Le concept dans lequel on l’enferme est ensuite la mécanique scénaristique parfaite. Passée l’angoisse de la prison temporelle qui exacerbe les clichés déjà pénibles des conversations phatiques, le personnage accède à une forme d’omniscience qui est, bien entendu, celle de l’écrivain aux commandes de son intrigue. Connaitre la journée et ceux qui la peuple permet à Phil de prédire l’avenir, et de devenir l’escroc parfait. Les répétitions de séquences, de plus en plus courtes, établissent une connivence croissante avec le spectateur qui, rodé à la mécanique, va comprendre un montage de plus en plus elliptique d’une journée à l’autre, jusqu’à des répétitions (les gifles et les échecs) et variations (l’entrainement, au piano comme à la l’établissement d’une conversation parfaitement en adéquation avec la femme à séduire).
L’intelligence de l’exploitation de cette anormalité réside aussi dans sa part anxiogène : c’est la mort inéluctable du SDF, la logique proche de celle de Sisyphe, qui chaque soir voit s’effacer toute son action, et la réflexion sur son identité. Devenir Dieu, ou ne plus réellement exister du fait de cette inhumaine omniscience. Phil le dira d’ailleurs lui-même :
“I killed myself so many times I don't even exist anymore.”
L’émancipation passe donc par un renoncement à l’égoïsme, puisque tous les pouvoirs de Phil proviennent d’un mensonge et de la manipulation des autres, pour enfin se consacrer à eux.
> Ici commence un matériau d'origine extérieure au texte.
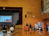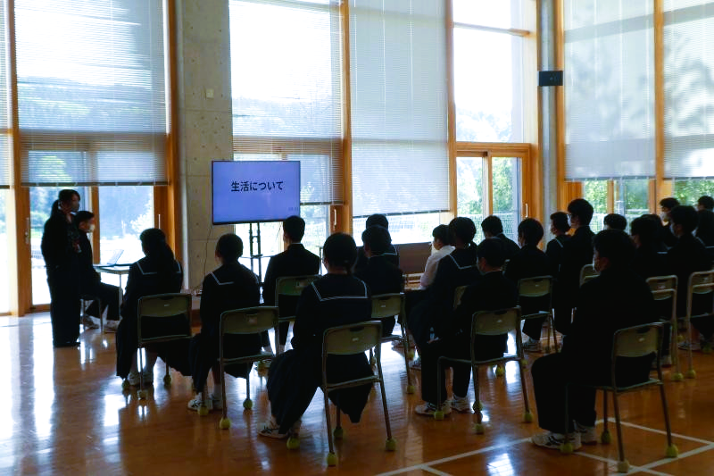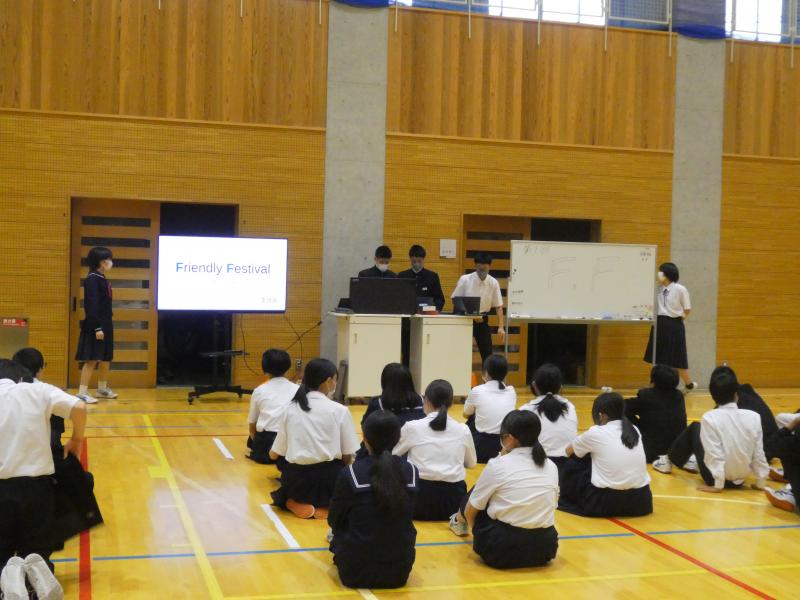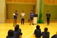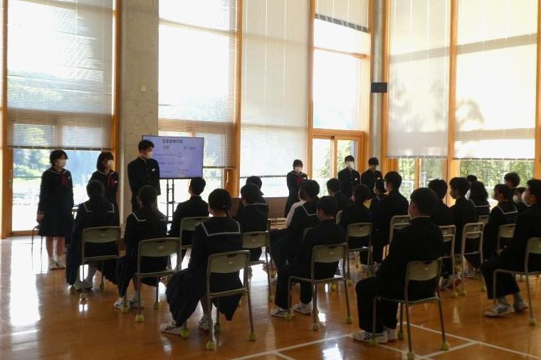 説明会では、中学校の生徒会が学校生活について紹介をしました。

Cette morale certes bien chrétienne qui voit l’homme de la ville s’attacher à chaque individu de ce trou paumé, permet tout de même d’approfondir les réflexions sur l’écriture : le film quitte ainsi la simple comédie romantique entre la délicieuse Andy Mc Dowell et Murray pour établir une galerie fugace de portraits qui convergent vers un chant collectif qui fleure bon la comédie de l’âge d’or.
Cynisme et altruisme, mensonge et amour sincère, saillies drolatiques et inventivité du montage : en mêlant avec habileté tous ces éléments contradictoires, Harold Ramis écrit la journée parfaite, dans laquelle on s’enferme toujours avec le même plaisir.